I repeat that this happened immediately after an upgrade to the 9.3 version. I think this is a hardware incompatibility.


----------



## Chris_H (Nov 3, 2014)

Vladimir43 said:
			
		

> I repeat that this happened immediately after an upgrade to the 9.3 version. I think this is a hardware incompatibility.


Possibly. But even so. There *should* be some indication as to what/why this occurred indicated in /var/log/messages. Check the time frames. _Especially_ just before the boot message(s) begin. There should be some clue(s) as to what happened, and why.

--Chris


----------



## Vladimir43 (Nov 7, 2014)

I turned off all services and unloaded core modules (jail, sendmail, NTP, ipmi.ko and so on) ex*c*ept important and now restarts stopped!
I will return one by one and see.


----------



## Chris_H (Nov 7, 2014)

Nothing in /var/log/messages?
Best wishes. Your choice of direction, for isolating the problem, is a good one. I'm just surprised you haven't seen, or looked to messages. As that almost always provides good clues, in such matters.

All the best.

--Chris


----------



## Vladimir43 (Nov 7, 2014)

I wrote at the beginning that there was nothin*g* strange in /var/log/messages. Just like power turned off.


----------



## kpa (Nov 7, 2014)

Do you have any ports/packages installed that install kernel modules? If you didn't recompile those after the upgrade there's a very good chance that the reboots are caused by an incompatible kernel module.


----------



## Chris_H (Nov 7, 2014)

Vladimir43 said:


> I wrote at the beginning that there was nothin*g* strange in /var/log/messages. Just like power turned off.
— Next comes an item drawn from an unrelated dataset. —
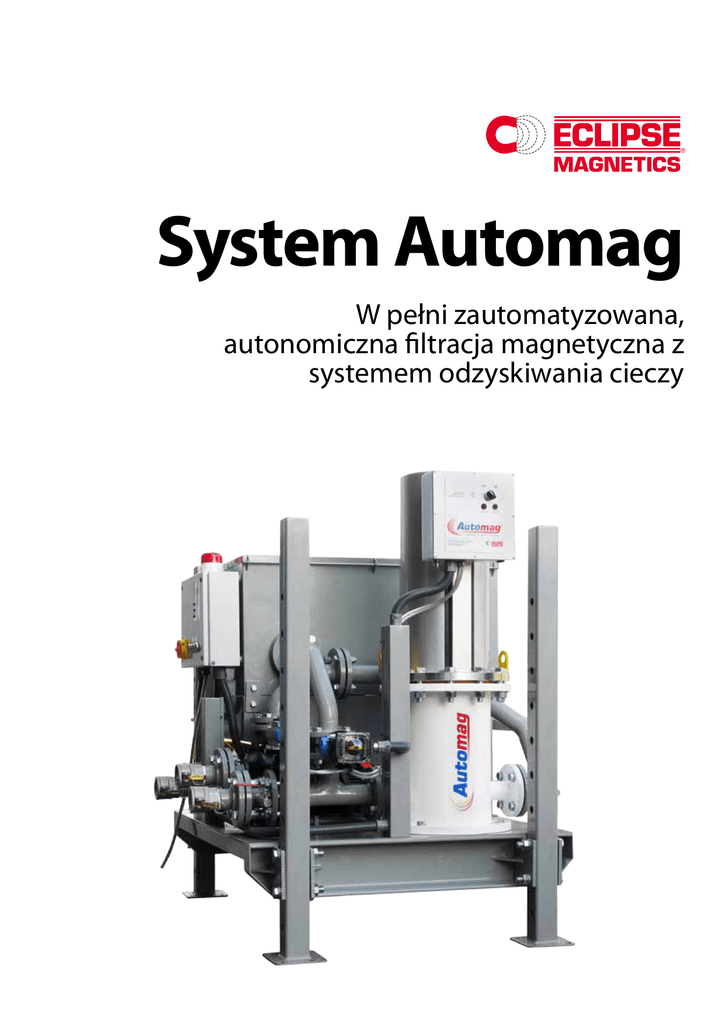 System Automag W pełni zautomatyzowana, autonomiczna filtracja magnetyczna z systemem odzyskiwania cieczy System Automag Redukcja kosztów System Automag to autonomiczny, wolnostojący system filtracji magnetycznej zapewniający nieprzerwaną filtrację magnetyczną. System może być zamocowany w linii przepływu lub, przy zastosowaniu opcjonalnej wbudowanej pompy, poza nią. Zgłoszony do opatentowania samooczyszczający się filtr magnetyczny* usuwa zanieczyszczenia magnetyczne i paramagnetyczne o rozmiarze poniżej mikrona z płynów chłodzących i substancji smarujących. Filtr zatrzymuje zanieczyszczenia aż do ich uwolnienia podczas zautomatyzowanego procesu oczyszczania. Proces ten powoduje krótkotrwałe przekierowanie cieczy czyszczącej filtr w taki sposób, że ciecz przenosi wszystkie zanieczyszczenia do zbiornika buforowego. Ciecz jest następnie spowalniana i przekazywana na rolkę do czyszczenia chłodziwa. Ciecz z czyszczenia jest silnie zanieczyszczona. Natężenie przepływu cieczy oraz wysokie natężenie pola magnetycznego rolki zapewniają, że usuwanie zanieczyszczeń jest wyjątkowo skuteczne. Oczyszczona ciecz powraca następnie do obiegu; zanieczyszczenia są zgarniane z rolki i gromadzone do utylizacji lub recyklingu. ■■ Wydłużenie okresu eksploatacji pozostałych filtrów ■■ Zwiększenie dokładności obrabiania el ementów ■■ Lepsze wykończenie elementu obrabianego Mniejsze zużycie mechaniczne urządzeń Zastosowania ■■ szlifowanie, ■■ gładzenie, ■■ frezowanie, ■■ precyzyjna obróbka wykończeniowa. Podczas pracy Zanieczyszczona ciecz przedostaje się do wlotu, gdzie jest rozpraszana do pierwszej komory filtrującej. Ciecz przechodzi przez rdzenie magnetyczne z pierwiastkami ziem rzadkich o dużym natężeniu pola, gdzie następuje usunięcie cząstek zanieczyszczeń. Ciecz jest spowalniana i przedostaje się do drugiej komory filtrującej, gdzie odbywa się jej dalsza filtracja. Proces oczyszczania filtra jest całkowicie zautomatyzowany. Rdzenie są podnoszone z tulei i następuje przełączenie zaworu oczyszczania filtra. Ciecz jest pompowana przez filtr, wymywając zanieczyszczenie z tulei ze stali nierdzewnej i przenosząc je do zbiornika buforowego. Wydłużenie okresu eksploatacji płynów ■■ * Zespoły mogą być wyposażone w filtr pojedynczy lub filtry podwójne umożliwiające pracę dwukierunkową. Zanieczyszczenia pozostają przyczepione do tulei ze stali nierdzewnej mocujących rdzenie. Przefiltrowana ciecz wydostaje się przez złącze wyjściowe. ■■ Mniej obsługi technicznej Magnetyczna rolka do czyszczenia chłodziwa usuwa zanieczyszczenia z płynu, zwracając oczyszczoną ciecz z powrotem do obiegu. Zanieczyszczenia są oddzielane w postaci umożliwiającej ich usunięcie lub recykling. z Wyeliminowanie kosztów utylizacji Wyższa jakość Zbiornik buforowy podaje zanieczyszczoną ciecz na rolkę o dużym natężeniu pola magnetycznego. SPOSÓB DZIAŁANIA ■■ pierwsza komora filtrująca druga komora filtrująca tuleje ze stali nierdzewnej rdzenie magnetyczne zanieczyszczenie osad zawór oczyszczania filtra Zanieczyszczenia są przyciągane do tulei rdzeni. Oczyszczona ciecz powraca do obiegu technologicznego. Filtr magnetyczny Automag 2-stopniowy filtr magnetyczny, usuwa zanieczyszczenia o rozmiarach nawet poniżej mikrona. Zautomatyzowany proces czyszczenia Zbiornik buforowy Stanowi miejsce zatrzymania cieczy wraz z zanieczyszczeniami przed jej podaniem do magnetycznej rolki do oczyszczania chłodziwa Rolka magnetyczna do chłodziwa Oddziela zanieczyszczenia od cieczy użytej podczas oczyszczania. Oczyszczona ciecz jest podawana z powrotem do obiegu. Zanieczyszczenia są usuwane w postaci półsuchego plastra, który można poddać później recyklingowi Zawór rozdzielczy Automatycznie przełączany w trakcie procesu oczyszczania filtra, co umożliwia przesłanie cieczy wraz z zanieczyszczeniami do zbiornika buforowego Zdjęcia przedstawiają zespół pracujący poza linią przepływu cieczy z wbudowaną pompą Oczyszczanie filtra Odzyskiwanie cieczy powrót czystej cieczy do obiegu zanieczyszczona ciecz użyta do czyszczenia filtra Automag wchodzi do zbiornika buforowego zanieczyszczenia usuwane w celu utylizacji lub recyklingu uwolnione zanieczyszczenie do zbiornika buforowego Cykl czyszczenia: rdzenie magnetyczne są podnoszone z tulei i następuje otwarcie zaworu oczyszczania filtra. Następuje uwolnienie zanieczyszczeń i ich wypłukanie do zbiornika buforowego. Zanieczyszczona ciecz jest podawana ze zbiornika buforowego na rolkę magnetyczną do oczyszczania chłodziwa. Zanieczyszczenia są przyciągane do obracającej się rolki, pozostawiając czystą ciecz, która powraca do obiegu. Zanieczyszczenia są zdejmowane z rolki za pomocą skrobaka, gotowe do zebrania. Dane wyrobu Autonomiczna filtracja i system odzyskiwania cieczy umożliwiają zastosowanie przy większych wartościach przepływu i większym zanieczyszczeniu. Zautomatyzowana praca ciągła. Zespół filtra Automag Liczba rdzeni Przepływ maksymalny Filtracja w obrębie linii lub poza nią AM6 AM12 Praca w obrębie linii lub poza nią Automatyczny filtr z samoczynnym czyszczeniem (zasilany pneumatycznie) Magnetyczna rolka do chłodziwa umożliwia pełne odzyskiwanie cieczy wykorzystywanej w procesie czyszczenia Zakres temperatur: 5°C do 70°C (zespół filtra) 6 12 Zdolność zbierania zanieczyszczeń Maks. ciśnienie robocze l/min m³/godz. kg bar 450 900 27 54 7 14 10 10 Systemy mogą być dostarczane z dwoma filtrami, dla większych natężeń przepływu Wymiary w mm, o ile nie podano inaczej Numer produktu SZER. DŁ. WYS. D1 D2 D3 Kołnierze AM6/SKID1 AM12/SKID1 1000 1200 1200 1400 1300 1400 75 (3) 75 (3) 50 (2) 75 (3) 50 (2) 75 (3) PN16 PN16 DŁ WYS. SZER. ∅D1 ∅D2 ∅D3 Wykres przedstawia urządzenie w linii bez wbudowanej pompy Inne filtry Eclipse Magnetics ™ PATENTIERT Kompaktowy filtr magnetyczny ogólnego zas
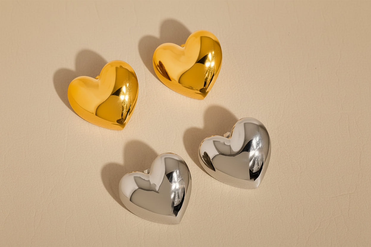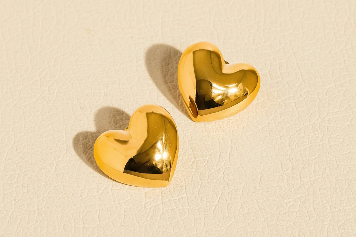 Rock these Chunky Heart Stud Earrings and let your personality shine! Built tough with hypoallergenic materials, they're your go-to pair for literally any occasion—gym days, coffee runs, fancy nights out, you name it. Say goodbye to tarnish worries; these beauties stay brilliant whether you pick the sleek stainless steel or the warm, glowing 18k gold plated finish. Comfortable enough to wear all day, stylish enough to turn heads, and versatile enough to match your whole wardrobe. Your new favorite earrings are here!

Right. I caught that, but was _sure_ there would be at least _something_. Well. Hope you find the culprit. 

--Chris


----------



## Vladimir43 (Dec 18, 2014)

After long testing revealed that the server restarts after about 250 tests of `smartctl` on the SATA drives. Previously, these tests run Nagios.
I have two SATA drives on the 0 and 3 channel, two SAS drives on the 1 and 2 channel, and a HP Smart Array P410 Controller (/dev/ciss0). So:
`smartctl -a /dev/ciss0 -d sat+cciss,3
smartctl -a /dev/ciss0 -d sat+cciss,0
smartctl -a /dev/ciss0 -d cciss,2`
The first and second lines lead to a reboot after ~ 250 repetitions, the third can run indefinitely.
Two versions:
1. Bug in `smartctl`
2. Bug in the HP Smart Array P410
Is it enough to file a bug reports?


----------